Комната с белыми стенами — страница 26 из 76

И вот, наконец, от карьеры и репутации Даффи ничего не осталось. Есть основания полагать, что Даффи позаботилась о Пейдж Ярдли потому, что ей было известно, что именно она выступит при рассмотрении дела Хелен свидетелем обвинения. С трудом укладывается в голове, не говоря уже о простой порядочности, что ей было позволено выступать в качестве эксперта на суде над Сарой Джаггард. К тому времени Хелен Ярдли уже пять месяцев как была на свободе, а непорядочность Даффи в связи с этим делом хорошо всем известна.

Так почему Генеральный медицинский совет не отреагировал сразу? Почему так долго медлил?

Сколько времени должно было пройти для Рей Хайнс, которую освободили лишь в декабре 2008 года? В отличие от Хелен Ярдли и Сары Джаггард, которые имели сильную поддержку родных и друзей, муж бросил Рей сразу после того, как ее признали виновной. Пресса вылила на нее ушат помоев, называя наркоманкой, – это Ангус сообщил журналистам, что она-де курит марихуану. На самом деле она делала это крайне редко. Более того, к этому ее вынуждали боли в спине, которыми Рей страдала всю жизнь. Они причиняли ей немыслимые страдания, и она была готова испробовать любые средства.

Нет, Рей даже отдаленно не похожа на опустившуюся наркоманку. Это гордая, независимая женщина, привыкшая высоко держать голову. Она отказывается лить слезы перед объективами фотоаппаратов. Она заявила в суде, что у нее пунктик насчет чистоты в доме. С другой стороны, по ее мнению, женщина не должна из-за детей отказываться от карьеры. Как, должно быть, злорадствовала Джудит Даффи, увидев, с какой легкостью можно будет превратить эту женщину в коварную дьяволицу…

Даже сейчас, когда Рей Хайнс уже на свободе, а Джудит Даффи заслуженно дискредитирована, работа СНРО еще далека от завершения.

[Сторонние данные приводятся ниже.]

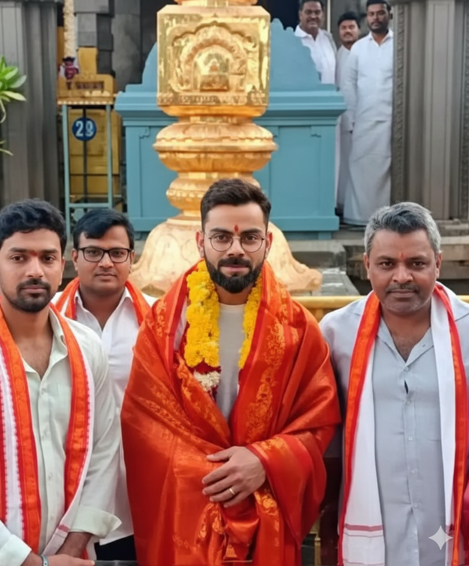 నిన్న విశాఖపట్నంలో జరిగిన భారత్ vs దక్షిణాఫ్రికా వన్డే మ్యాచ్ అనంతరం టీమ్ ఇండియా స్టార్ బ్యాట్స్మన్ విరాట్ కోహ్లీ, సింహాచలం వరాహ లక్ష్మీనరసింహ స్వామి వారి ఆలయాన్ని సందర్శించారు. ఆలయంలో ప్రత్యేక పూజలు చేసి స్వామి వారికి మొక్కులు చెల్లించుకున్నారు.ఈ సందర్భంగా దేవస్థానం అధికారులు విరాట్కు తీర్థ ప్రసాదాలు అందజేశారు. మ్యాచ్ ముగిశాక దేవాలయ దర్శనం కోసం కోహ్లీ రావడంతో అక్కడి భక్తులు, అభిమానులు ఆనందం వ్యక్తం చేశారు. కొంత సమయం ఆలయంలో గడిపిన కోహ్లీ తర్వాత తిరుగు ప్రయాణం అయ్యారు.

Шестидесятидвухлетняя Дорна Ллуэллин из Порт-Тэлбота в Южном Уэльсе – еще одна женщина, томящаяся за решеткой за преступление, которого не совершала: убийство в 2000 году девятимесячного Бенджамина Эванса. Доктор Даффи заявила, что миссис Ллуэллин, по всей видимости, до смерти затрясла Бенджамина. У ребенка произошло кровоизлияние в мозг, которое его убило. Когда же защита спросила у Даффи, откуда у нее такая уверенность в том, что подсудимая трясла ребенка, «эксперт» не смогла ответить на этот вопрос.

Любопытно отметить, но одна из самых стойких сторонников доктора Даффи – это мать-одиночка Рианнон Эванс. Когда у нее родился Бенджамин, ей было всего пятнадцать лет. Теперь ей 23 года, и она проститутка, хорошо известная местной полиции.

В настоящее время дело Дорны Ллуэллин рассматривается Комиссией по пересмотру уголовных дел.

Мы в СНРО уповаем на то, что апелляция будет скорой и успешной. Единственное свидетельство против миссис Ллуэллин – это мнение врача, дисквалифицированного за служебное преступление, и какой судья теперь прислушается к ее мнению? Думаю, что наша высокоуважаемая судебная система не совершит очередную грубую ошибку, тем более что таковых совершено уже немало. Хочется надеяться, что – цитируя доктора Даффи – такое «крайне маловероятно, почти невозможно».

Глава 7

Четверг, 8 октября 2009 года


Я сижу за столом Лори, составляя список, когда внезапно звонит телефон. После разговора с Майей я очень много всего прочитала, намного больше, чем предполагала за такой короткий срок, и сделала так много телефонных звонков, что мое ухо горит огнем. У меня назначены встречи с Полом Ярдли, супругами Джаггард и множеством адвокатов и врачей, о которых я прочла. С улыбкой смотрю на список имен. Возле многих из них стоят птички. Я нарочно игнорирую крестик рядом с именем Джудит Даффи, который портит всю картину, и беру в руки телефон.

– Во что ты там играешь? – спрашивает Лори.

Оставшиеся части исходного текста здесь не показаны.